In answer to her question, there came the sound of booted feet taking the marble stairs at least two at a time, followed by a shout: "Elly? Elly, where the devil are you?"

"Rian?" Eleanor turned wide eyes on Jack. "It's Rian," she said again, unnecessarily, then lifted her skirts and raced toward the hallway, only to be scooped up by her brother and swung around in a circle, just like a sack of flour, she supposed.

"I've got news, Elly," he told her when she begged him to put her down. "It's Morgan. She's gone and had
twins."

"Well, that would explain the sheer size of—twins? Really? Tell me all about it. Oh, Rian, it's so
good
to see you.
Twins?
Leave it to Morgan never to do the ordinary."

She took his hand and led him over to the couches, pulling him down beside her, and only with great effort refraining from pushing back his dark curls that were, as always, overlong, nearly hiding his remarkable Irish green eyes.

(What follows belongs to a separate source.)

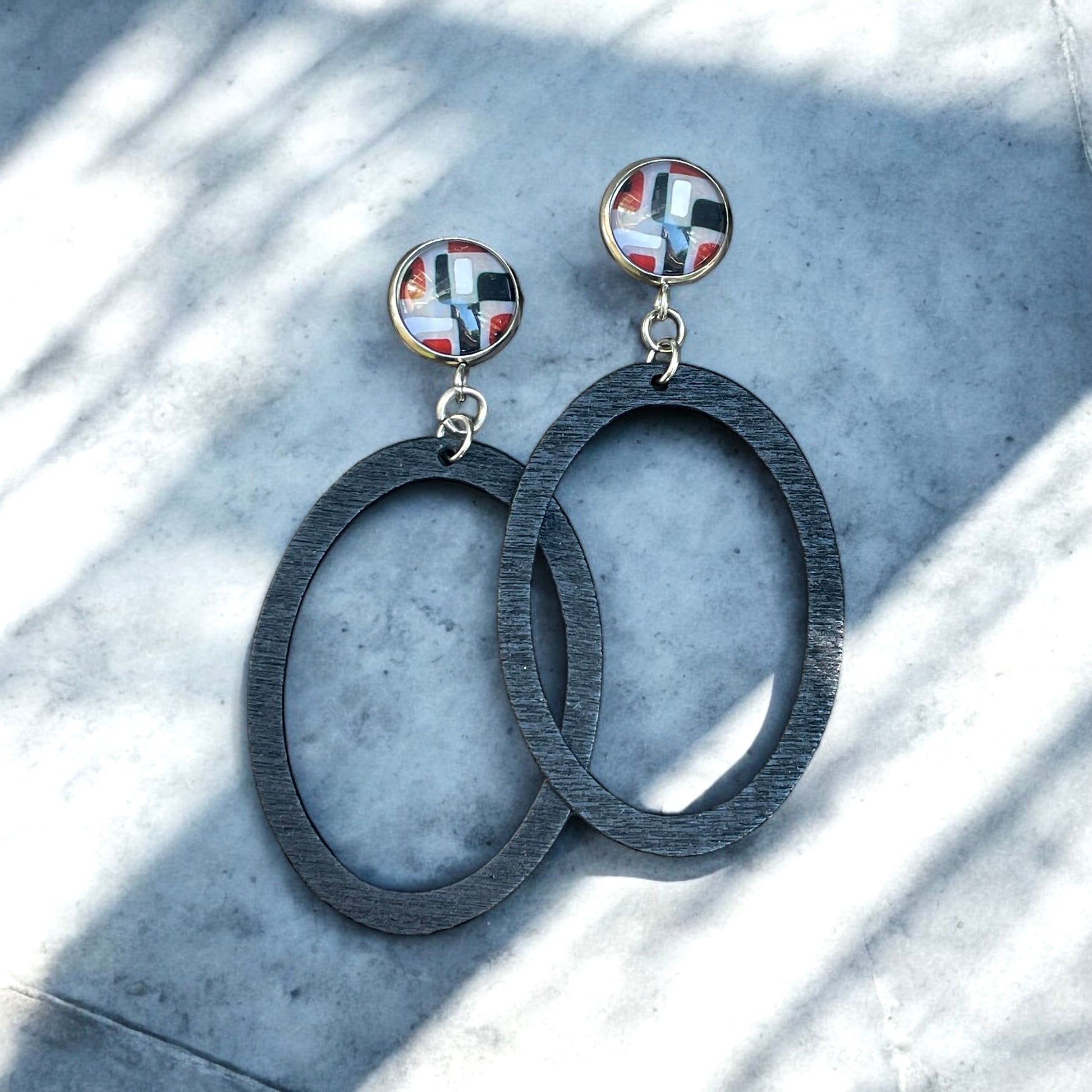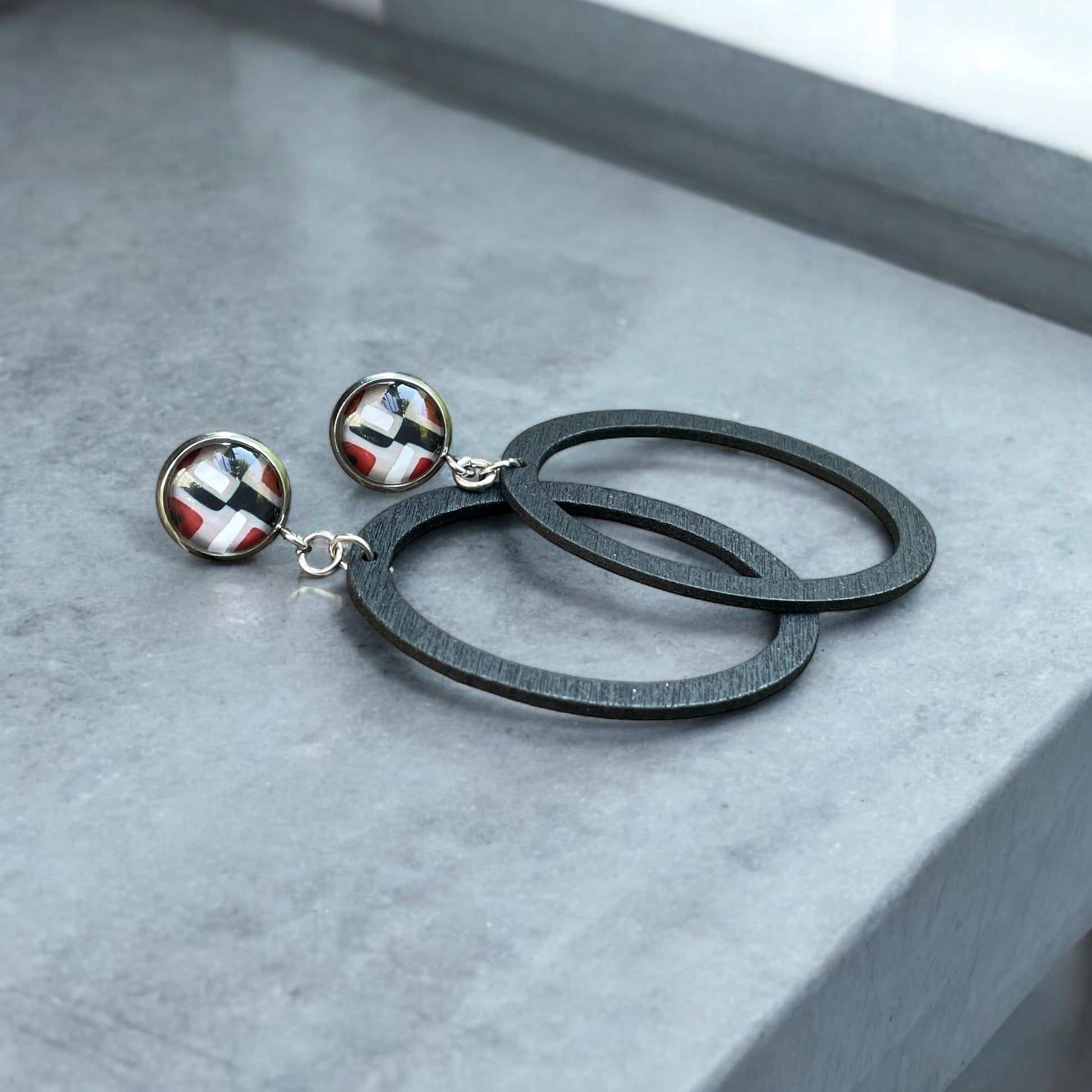 Explorez le mélange unique de style et de beauté avec ces boucles d'oreilles en acier inoxydable. Dotées de cabochons de verre reliés à des anneaux de bois noir, elles sont également légères et confortables à porter.

Rian, she'd always thought, had the face of a poet. Of all the Becket brothers, Rian had the slightest build. Not as tall, not as broad, everything about him drawn with a finer hand. He may have been nearly nineteen, or at least if the age Papa had given him when he'd come to the island had been correct, but he looked so much younger, so much more innocent than that, so that Fanny, his constant companion, seemed more an unasked-for protector than a sister. Even with a good two days' growth of beard, Rian much more closely resembled an aesthetic than a warrior. How he'd always hated that...

"Hello there, Jack," Rian said, sliding his fingers through his hair, pushing it back off his forehead, only to have it slowly begin sliding front once more. "You been taking good care of our Elly?"